In recent years convolutional neural networks (CNN) entered the image restoration field and took the lead, showing impressive results (e.g., [30, 31, 14, 21, 11, 10, 32]). With this trend in place, the patch-based framework has been nearly abandoned, despite its success and popularity in classical algorithms. Most CNN based schemes work globally, operating on the whole image rather than splitting it into patches, leveraging self-similarity only implicitly by using a large receptive field. This trend has two origins: First, the reconstructed patches tend to be inconsistent on their overlaps. This undesirable and challenging phenomenon is referred to in the literature as the local-global gap, handled typically by plain averaging [18, 2, 20, 34]. The second reason for abandoning the patch-based framework is the difficulty of combining it with CNNs. The convolutional architecture has been shown to be a very successful choice, achieving state-of-the-art (SOTA) results in many image restoration tasks (e.g., [30, 14, 21, 11, 32]). However, such an architecture implies working on the whole image uniformly, and thus combining it with a patch-based framework is not straightforward.

Several recent denoisers have combined the patch-based point of view within a deep-learning solution (e.g. [8, 9, 24]). Without diving into their details, these algorithms split a noisy image into fully overlapping patches, augment each with a group of similar ones and feed these groups to a denoising network. All three algorithms have managed to achieve near SOTA results while using a small number of trainable parameters. However, their performance is still challenged by leading convolutional networks, such as DnCNN and other networks [30, 32, 11, 21].

When turning to video processing, self similarity is further amplified due to the temporal redundancy. Thus, harnessing non-local processing in video is expected to be even more effective and beneficial. Many classical algorithms have successfully exploited spatio-temporal self-similarity by working on 2D or even 3D patches. For example, the V-BM4D [12] groups similar 3D patches and denoises them by a joint transform and thresholding, extending the well-known BM3D to video [5]. VNLB [1]

also relies on groups of such patches, employing a joint empirical Bayes estimation for each group, under a Gaussianity modeling.

In contrast to the activity in image denoising, where many CNN-based schemes surpass classical algorithms, only a few video denoising networks have been shown to be competitive with classical methods. The recently published DVDnet [22] and FastDVDnet [23] are such networks, obtaining SOTA results, the first leveraging motion compensation, and the second combining several U-Net [19] networks for increasing its receptive field. Other CNN-based video denoisers in recent literature are [29, 4, 26, 7]

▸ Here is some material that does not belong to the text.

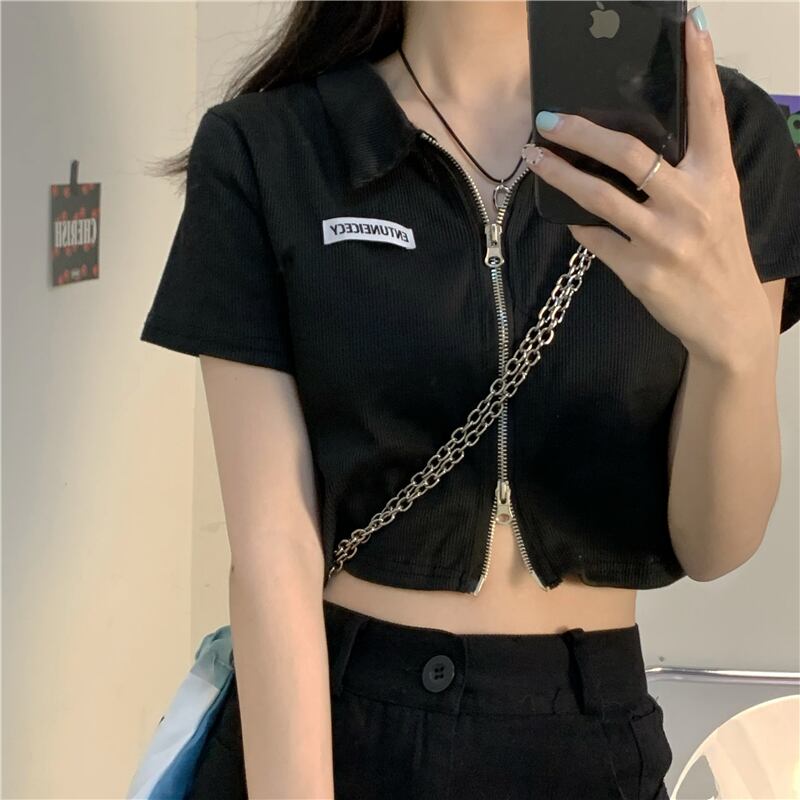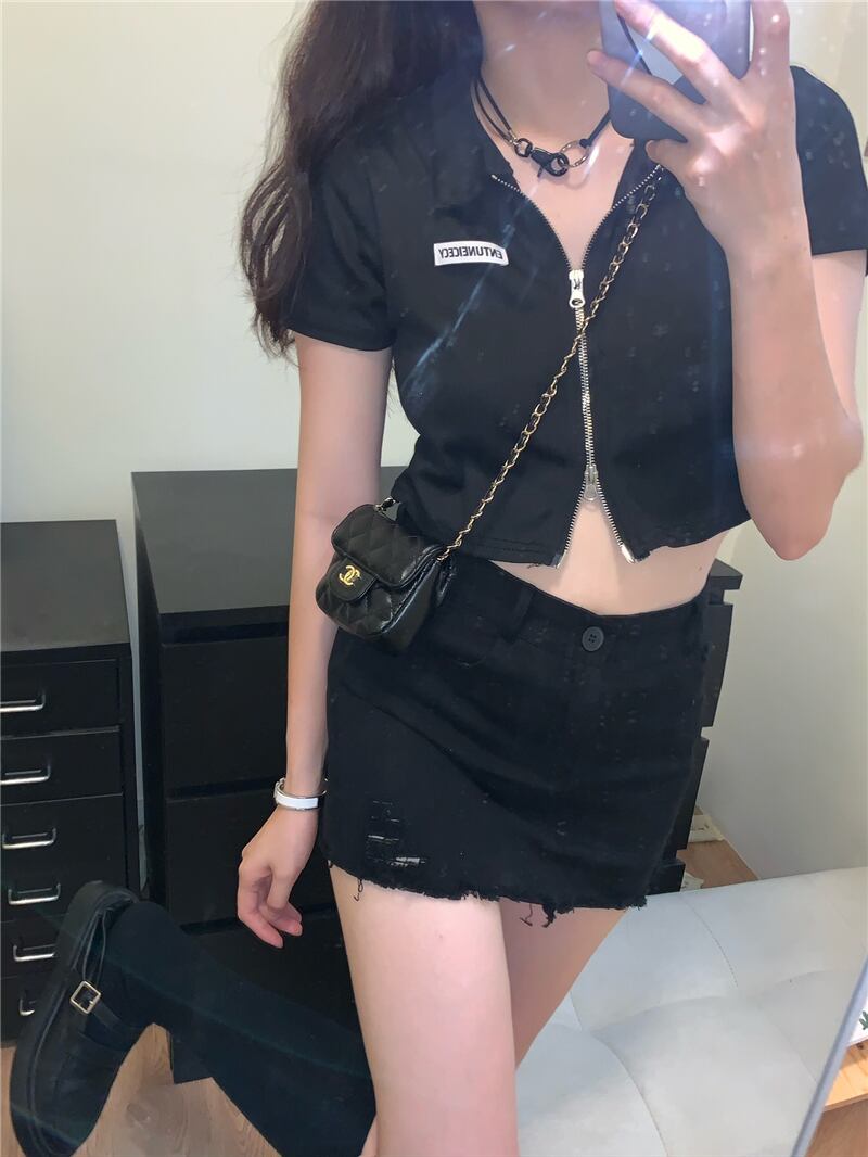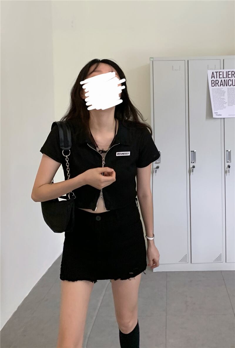 レディース夏服韓国ファッショントレンドショートジッパーカーディガントップス ハイウェストウェストミニスカート 夏物 スタイル ウエスト Studios97017427204 | pLegLad Studios
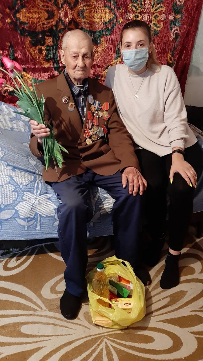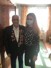 Студентка Альона Труфанова разом із мамою, за багаторічною сімейною традицією, привітали Павла Ілліча Кушнаренка. У свої дев’ятнадцять років Павло Кушнаренко мав військове звання лейтенант, володів німецькою мовою та був бійцем «невидимого фронту» – розвідником. Він пережив суворі часи полону, та, попри все, йому вдалося повернутися й стати до військової справи.

While CNN-based algorithms for video denoising, such as DVDnet and FastDVDnet, choose to work on whole frames rather than on patches, neural network based video denoising may still exploit self-similarity. For example, VNLnet [6], the first good-performing such denoiser, combines the patch-based framework with DnCNN [30] architecture, augmenting noisy frames with auxiliary feature maps that consist of central pixels taken from similar patches. While VNLnet’s strategy introduces a non-locality flavor into the denoising process, it is limited in its effectiveness due to the use of central pixels instead of full neighboring patches, as evident from its performance.

Our work proposes a novel, intuitive, and highly effective way to leverage non-local self-similarity within a CNN architecture. We introduce the concept of patch-craft frames and use these as feature maps within the denoising process. For constructing the patch-craft frames, we split each video frame into fully overlapping patches. For each patch we find its nearest neighbors in a spatio-temporal window, and those are used to build (patch size) groups of corresponding patch-craft frames. These are augmented to the real video frames and fed into a spatio-temporal denoising network. This way, self-similarity is fully leveraged, while preserving the CNN’s nature of operating on whole frames, and overcoming the local-global gap.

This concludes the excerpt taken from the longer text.